As many turn to nonprofits to fill gaps when government can’t – these organizaitons are becoming an increasingly significant body of community leadership. To address the unique operational challenges faced by nonprofits, Westchester County leaders, executives and specialists gathered at New York Nonprofit Media’s 2023 Westchester Nonprofit OpCon, held at the Westchester County Center Wednesday. The center, which served as a fully-functioning hospital during the COVID-19 pandemic, became the venue for panelists who addressed streamlining processes, governance practices and equity.
Jan Fisher, executive director of Nonprofit Westchester, remarked on the growing economic presence of nonprofit locally.
“Nonprofit organizations are the lifeblood of our communities, they provide critical care and essential services and we are society's problem solvers. Our sector plays a fundamental role in New York States and Hudson Valley's economy, providing one out of every five non-governmental jobs in the region, $7.4 billion dollars in annual wages, and an estimated $1.1 billion in state and federal payroll tax contributions,” Fisher told attendees. “With Westchester County accounting for nearly half these economic benefits in the Hudson Valley, now more than ever, effective and strong nonprofit organizations are carried out.”
Given that nonprofits often supplement existing government entities, Westchester County Executive George Latimer, stressed the importance of partnerships to harness the skills of such organizations.

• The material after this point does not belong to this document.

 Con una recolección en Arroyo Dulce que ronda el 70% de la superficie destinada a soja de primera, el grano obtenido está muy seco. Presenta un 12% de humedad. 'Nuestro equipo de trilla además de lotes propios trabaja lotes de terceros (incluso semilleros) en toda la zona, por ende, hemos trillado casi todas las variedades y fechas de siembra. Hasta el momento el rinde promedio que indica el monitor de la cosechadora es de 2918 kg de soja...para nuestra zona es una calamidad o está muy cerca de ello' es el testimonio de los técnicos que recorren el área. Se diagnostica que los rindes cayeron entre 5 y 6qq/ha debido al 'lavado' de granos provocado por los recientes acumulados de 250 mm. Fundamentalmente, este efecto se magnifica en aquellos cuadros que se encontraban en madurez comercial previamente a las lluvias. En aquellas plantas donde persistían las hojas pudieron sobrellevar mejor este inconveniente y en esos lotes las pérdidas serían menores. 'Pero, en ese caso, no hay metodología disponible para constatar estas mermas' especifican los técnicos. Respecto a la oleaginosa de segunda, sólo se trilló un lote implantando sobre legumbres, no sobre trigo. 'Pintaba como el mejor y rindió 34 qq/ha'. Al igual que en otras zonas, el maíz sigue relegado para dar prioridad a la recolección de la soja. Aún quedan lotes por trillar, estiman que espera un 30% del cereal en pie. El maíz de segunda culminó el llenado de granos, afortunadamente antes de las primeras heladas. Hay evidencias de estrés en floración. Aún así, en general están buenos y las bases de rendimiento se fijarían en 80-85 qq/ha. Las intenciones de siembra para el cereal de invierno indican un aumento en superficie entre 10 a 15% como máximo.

“We understand that it is partnership that moves things forward. And in those partnerships, the private sector or organized corporate and individual philanthropy, there is a role that the government plays and there is a role that the not-for-profit community plays,” he said in his remarks at the event. “What we strive for in Westchester is the partnership, not necessarily dominated by the government, but assisted by practical working together.”
Latimer also highlighted the sector’s vast areas of expertise and proximity to the public, both vital to assessing feedback.

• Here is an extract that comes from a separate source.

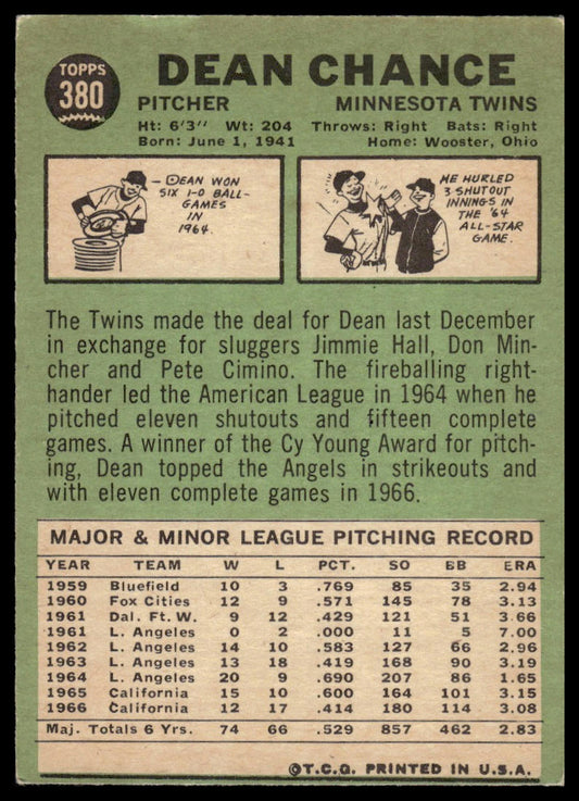 1967 Topps #380 Dean Chance Minnesota Twins Very Good

“We need to rebuild the bridge. We know we don't have that expertise in house. So we go externally to project out. That's the same mindset that we view our relationships with not-for-profit organizations, that we could not deliver the services that we have to deliver by doing it ourselves,” said Latimer. “Not because our people aren't talented, but the specific expertise that nonprofit organizations, properly structured, can deliver, does on contract and does it better than we can do.” Latimer also pointed to the importance of adapting to technological changes which drive major shifts within the operational landscape of nonprofits.
Panelist Heath Bloch, CEO of Andrus, pointed to increasing transparency when facing workforce challenges in nonprofits. “One of the things that we found was promoting transparency begins to solve some of the workforce challenges,” said Bloch. “By bringing data, where each staff member is ensured that we're all looking at that same data element … [digital transformation] is bringing in a business intelligence tool and partnerships with the private sector to help us become as efficient in using data to make decisions.”
Panelist Corinna Creedon, managing director of FORVIS, noted that central to streamlining practices from communication to technology use, was the importance of building intentional processes. “I think that coming out [of] COVID – everyone was trying to duct tape a solution. And so now, what we're finding is our clients, they are having a little bit of time to catch up and be more reflective and intentional about strategy for digital transformation,” Creedon said.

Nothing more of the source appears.